Barker Abigail R, Huntzberry Kelsey, McBride Timothy D, Mueller Keith J
Rural Policy Brief. 2017 Jan 1(2017 2):1-4.
Purpose. From October 2013—before implementation of the Affordable Care Act (ACA)—to November 2016, Medicaid enrollment grew by 27 percent. However, very little attention has been paid to date to how changes in Medicaid enrollment vary within states across the rural-urban continuum. This brief reports and analyzes changes in enrollment in metropolitan, micropolitan, and rural (noncore) areas in both expansion states (those that used ACA funding to expand Medicaid coverage) and nonexpansion states (those that did not use ACA funding to expand Medicaid coverage). The findings suggest that growth has been uneven across rural-urban geography, and that Medicaid enrollment growth is lower in rural counties, particularly in nonexpansion states. Key Findings. (1) Medicaid growth rates in metropolitan counties in nonexpansion states from 2012 to 2015 were twice as large as in rural counties (14 percent compared to 7 percent). (2) In contrast, the differential in growth rates between metropolitan, micropolitan, and rural counties was much less dramatic in expansion states (growth rates of 43 percent, 38 percent, and 38 percent, respectively). (3) Analysis at the state level shows much variability across the states, even when controlling for expansion status.

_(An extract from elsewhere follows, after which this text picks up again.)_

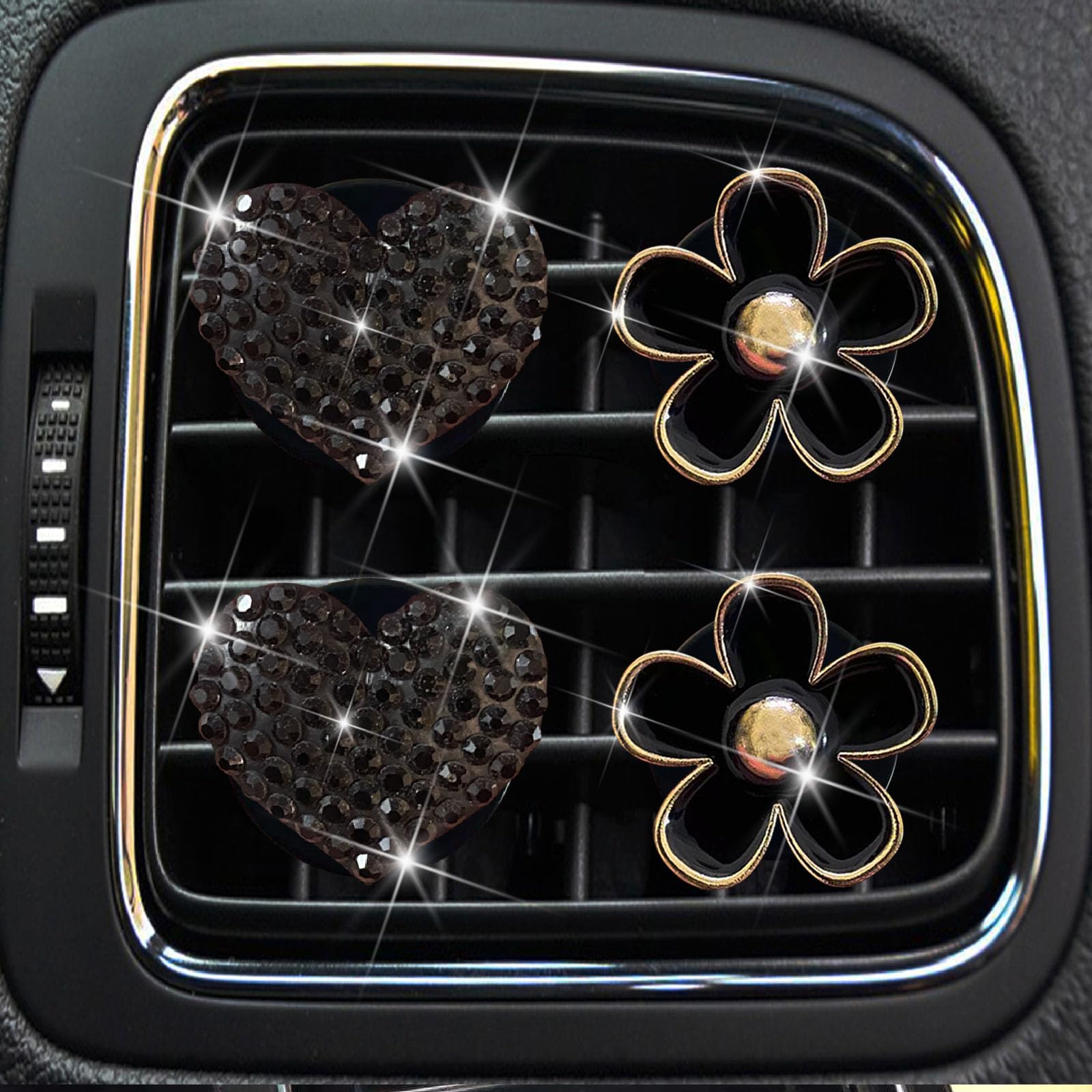 4 Pcs Black Bling Heart and Daisy Car Ai... |

For example, some states with an above-average rural population, such as Tennessee and Idaho, had higher-than-average enrollment increases, with strong rural increases, while other states with similar proportions of rural residents, such as Nebraska, Oklahoma, Maine, and Wyoming, experienced enrollment decreases in micropolitan and/or rural counties. (4) States’ pre-ACA Medicaid eligibility levels for parents and children affected the potential for growth. For example, some states that had higher eligibility levels (e.g., Maryland and Illinois) experienced lower Medicaid growth rates from 2012 to 2015, in part because their baseline enrollment was higher. (5) In the expansion states of Colorado and Nevada, which both have State-Based Marketplaces (SBMs), enrollment increases were over four times the overall average.

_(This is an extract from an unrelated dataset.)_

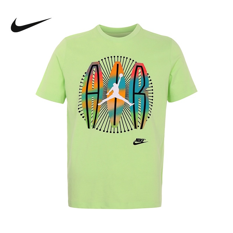 Салатовая Nike & Jordan футболка с принтом на груди и круглым вырезом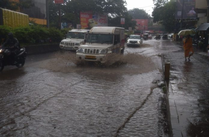 कोल्हापुरात कालपासून पावसास पुन्हा सुरुवात झाली. काल रिमझीम स्वरूपाचा पाऊस होता. मात्र आज सकाळी सहा वाजल्यापासून पावसाने जोरदार सुरुवात केली. फक्त तीन तासात कोल्हापुरातील अनेक रस्त्यावर पाणीच पाणी झाले. भल्या सकाळी पावसाने सुरुवात केल्याने सारीच कामे रेगाळली. आज कोल्हापुरात कवाळ पंचमी. अंबाबाई ते त्र्यंबोली पालखी मार्गावर रांगोळी रेखाटली जाते. मात्र एकसारख्या पडणाऱ्या पावसामुळे सजावटीत अडथळा निर्माण झाला.

目的。从2013年10月(《平价医疗法案》(ACA)实施之前)到2016年11月,医疗补助计划的参保人数增长了27%。然而,迄今为止,很少有人关注医疗补助计划参保人数的变化在各州城乡连续区域内是如何不同的。本简报报告并分析了扩大医保覆盖范围的州(即那些利用ACA资金扩大医疗补助计划覆盖范围的州)和未扩大医保覆盖范围的州(即那些未利用ACA资金扩大医疗补助计划覆盖范围的州)中大城市、微型城市和农村(非核心)地区的参保人数变化。研究结果表明,城乡地域的增长并不均衡,农村县的医疗补助计划参保人数增长较低,尤其是在未扩大医保覆盖范围的州。主要发现。(1)2012年至2015年,未扩大医保覆盖范围的州中大城市县的医疗补助计划增长率是农村县的两倍(分别为14%和7%)。(2)相比之下,在扩大医保覆盖范围的州,大城市、微型城市和农村县之间的增长率差异则小得多(分别为43%、38%和38%)。(3)州层面的分析表明,即使控制了医保覆盖范围的扩大情况,各州之间仍存在很大差异。例如,一些农村人口高于平均水平的州,如田纳西州和爱达荷州,参保人数增长高于平均水平,农村地区增长强劲,而其他农村居民比例相似的州,如内布拉斯加州、俄克拉荷马州、缅因州和怀俄明州,微型城市和/或农村县的参保人数却有所下降。(4)各州在ACA实施前对父母和子女的医疗补助资格水平影响了增长潜力。例如,一些资格水平较高的州(如马里兰州和伊利诺伊州)在2012年至2015年期间医疗补助计划增长率较低,部分原因是其基线参保人数较高。(5)在拥有州级医保市场(SBM)的科罗拉多州和内华达州这两个扩大医保覆盖范围的州,参保人数增长超过总体平均水平的四倍。